Online research finds that the institute will focus on training first responders to handle rail-related hazardous materials emergencies.
The city issued a permit July 29 for site clearing and to build railroad tracks on FSCJ-owned property at 2700 Fire Fighter Memorial Drive. Cranemasters is the contractor for the $358,840 project on property north of the campus.
Cranemasters, based in North Chesterfield, Virginia, provides railroad emergency and construction services.
The site is north of the campus and south of the college’s Fire Academy of the South, which trains emergency responders in the public and private sectors. Training there ranges from basic skills to advanced education and technical training, including shipboard and aircraft rescue firefighting.
Wooded land is to the east and west.
The campus is at northeast Beach Boulevard and Interstate 295.
Infrastructure consultants Arcadis of Chattanooga, Tennessee, and Arcadis US of Hanover, Maryland, are associated with the project.
Enviro Science Inc. of Plant City is an environmental consultant.
Arcadis applied to the St. Johns River Water Management District in April on behalf of FSCJ to modify 3.64 acres to accommodate three rows of railroad tracks that are 400 feet in length.
The district issued a letter June 18, 2025, modifying the permit for site improvements to include the three rows of railroad tracks; one row of 120 feet of track at the northeast entrance of a roundabout; access paths; installation of grates; relocation of a highway cargo tank, propane tank and compressed gas; and more.
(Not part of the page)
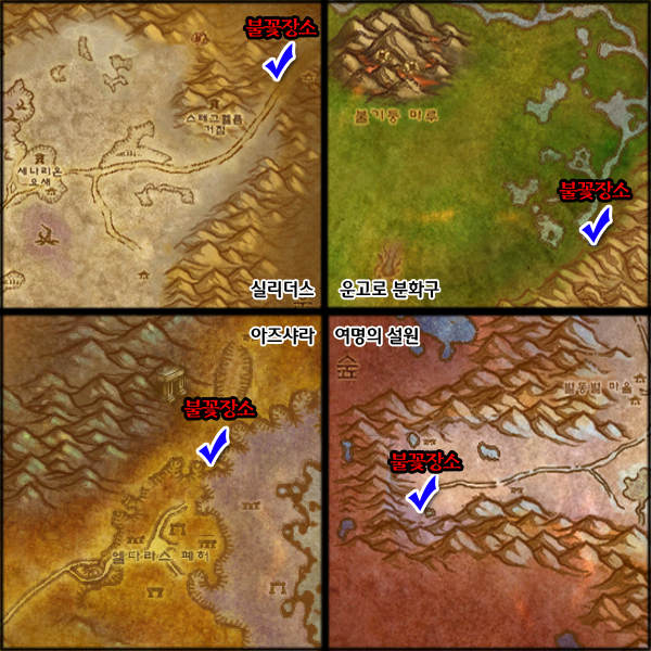 퀘스트 자체는 어려운 것이 아니지만 이동경로가 상당히 멀기 때문에 시간을 많이 잡아 먹는 퀘스트 입니다. 다행이 거의 모든 화롯불이 길옆에 있었습니다만 유독 아즈샤라 화롯불은 외딴곳에 있어서 3시간 미친듯 찾아해멧습니다(-_-;).

The area will be covered with ballast.
All railroad tracks will be installed with the standards of CSX Transportation Inc., the operating railroad part of the business.
The project is described as a mock railroad firefighting training facility.
FSCJ Chief Communications Officer Jill Johnson said July 31 that the college will “build on our partnership with CSX” and looks “ahead to the opportunities this collaboration will create.”
CSX had no comment.
FSCJ already posts at fscj.edu that it offers a Hazardous Materials Specialist Technical Certificate that trains students to enter careers involved with the investigation and remediation of uncontrolled hazardous waste sites as well as response to an accident involving hazardous materials.
Graduates are expected to identify methods and procedures for recognizing, evaluating and controlling hazardous substances and also learn to identify appropriate regulations and action levels to ensure worker health and safety.
Graduates put into practice government regulations and compliance and maintain records required by the Occupational Safety and Health Administration, Environmental Protection Agency and Department of Transportation.
FSCJ says the advisory board includes CSX, JEA, OSHA, DOT, the Army Corps of Engineers and St. Johns River Water Management District and others.